Exercise material
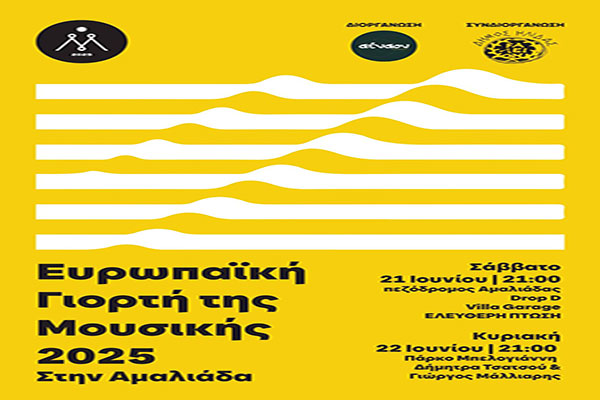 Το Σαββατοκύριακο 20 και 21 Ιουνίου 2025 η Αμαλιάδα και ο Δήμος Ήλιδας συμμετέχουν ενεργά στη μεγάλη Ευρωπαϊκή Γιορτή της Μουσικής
---
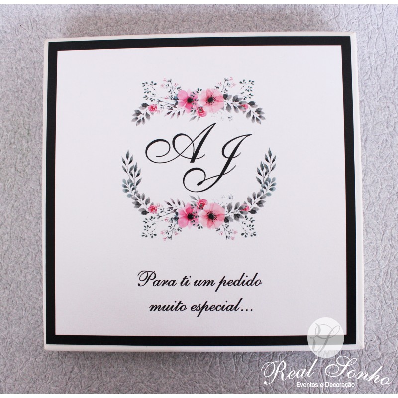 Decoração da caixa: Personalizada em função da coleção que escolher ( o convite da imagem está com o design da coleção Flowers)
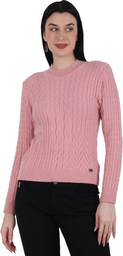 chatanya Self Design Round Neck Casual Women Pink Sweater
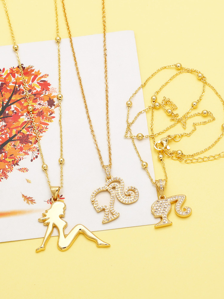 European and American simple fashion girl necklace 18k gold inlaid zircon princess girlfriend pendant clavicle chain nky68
--
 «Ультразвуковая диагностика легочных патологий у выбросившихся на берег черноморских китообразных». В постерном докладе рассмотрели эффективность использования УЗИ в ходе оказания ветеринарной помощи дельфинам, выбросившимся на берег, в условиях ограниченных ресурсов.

Exercise prompt
The stretch to restate runs from the line above containing "Decoração da caixa: Personalizada" through the line containing "European and American". Copy it word for word, ends included, without pictures.

Exercise solution
 Decoração da caixa: Personalizada em função da coleção que escolher ( o convite da imagem está com o design da coleção Flowers)
 chatanya Self Design Round Neck Casual Women Pink Sweater
 European and American simple fashion girl necklace 18k gold inlaid zircon princess girlfriend pendant clavicle chain nky68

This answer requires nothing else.